The first attempt was predictable. I sent my sketch directly to Gemini's image generation. Draw a lamp, get a lamp icon back. Simple pipeline.

It didn't work. The generated icons were undefined masses of strokes. Gemini could see something was there but couldn't quite grasp what I intended. My lamp became abstract art. Not the useful kind.

The sketch alone wasn't enough context.

Adding a translation layer

the key insight

Let a vision model interpret the sketch first, then pass that understanding to the image generator.

I added Gemini Flash with vision as an intermediate step. It looks at my sketch and says "lamp." That word—plus the original sketch—goes to Gemini's image generation. The vision model acts as a translator between my rough strokes and the generator's expectations.

The pipeline now:

SketchUser draws on canvas→VisionCategorizes the sketch→GenerationCreates icon from category + sketch

This changed everything. The generator now knows what it's supposed to be making, while still referencing how I drew it.

Why sketching beats prompting

Here's what surprised me: the sketch carries information that's tedious to express in words.

If I prompt "lamp icon," I get whatever the model thinks a lamp should look like. But lamps come in hundreds of shapes. If I want a specific silhouette—tall and narrow, with a curved shade—I'd need to write a paragraph describing it.

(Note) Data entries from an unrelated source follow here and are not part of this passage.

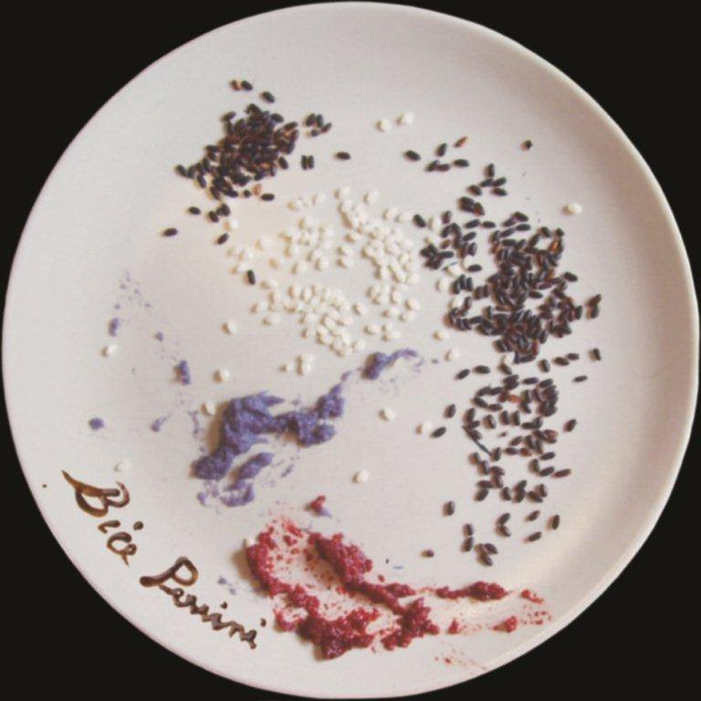 Il processo creativo come un’esperienza alchemica ha riattualizzato il passaggio dalla materia vile al quella nobile. E, come il fango può diventare oro, il riso può diventare altro, fino a raggiungere l’arte. La mostra- come tutte le precedenti di Bice Perrini- è una provocazione, un sasso lanciato nello stagno, un pungiglione che si conficca nella pelle e ci mette in allerta.
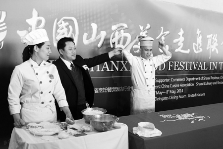 2014年的山西各大媒体,几乎都刊登了这样一条消息:4月30日在美国,“中国山西美食走进联合国”系列活动上,当地人看到王张龙表演的“独轮车削面”“关公扯面”“龙须拉面”“面气球”等绝活时,非常震撼,不少现场观众对面条的筋道赞不绝口,品尝一碗不过瘾,还要再来一碗。
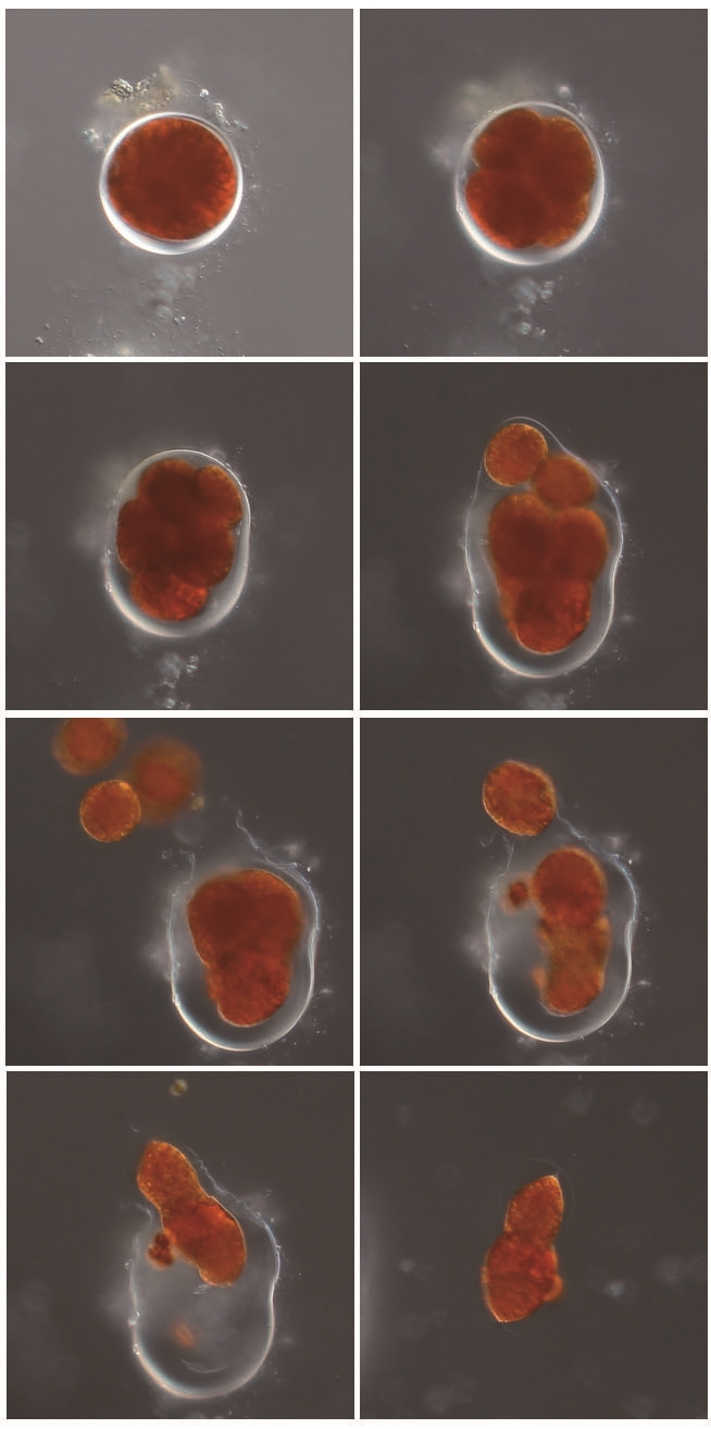 Beeindruckend finde ich die Vitalität der Gameten: Wild schwirren die Gameten innerhalb der Gallerthülle umher, bald wird die Hülle nicht mehr dem Ansturm stand halten können und bersten...
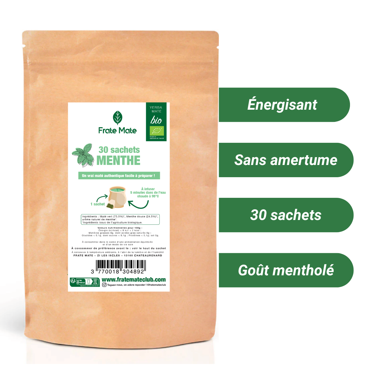 Maté Menthe (30 sachets) – Rafraîchissant et apaisant, parfait pour la récupération ou une pause bien-être.

When I sketch it, that information transfers instantly. The model sees my curved shade and produces a curved shade. My proportions become its proportions. Drawing is just faster than describing.

The consistency problem

With that said, there were limitations.

Generation speed is fine—under 30 seconds on average. Tolerable for the workflow.

But the results vary. A lot. Same sketch, same prompt, different outputs. I solved this by generating four versions simultaneously. Usually at least one is usable. It's a brute-force fix, but it works.

The harder problem is consistency across icons. Even with a detailed style prompt baked into the system, icons generated in separate sessions don't quite match. The stroke weights drift. The corner radii vary. For a one-off slide, this is fine. For a cohesive icon set, it's a dealbreaker.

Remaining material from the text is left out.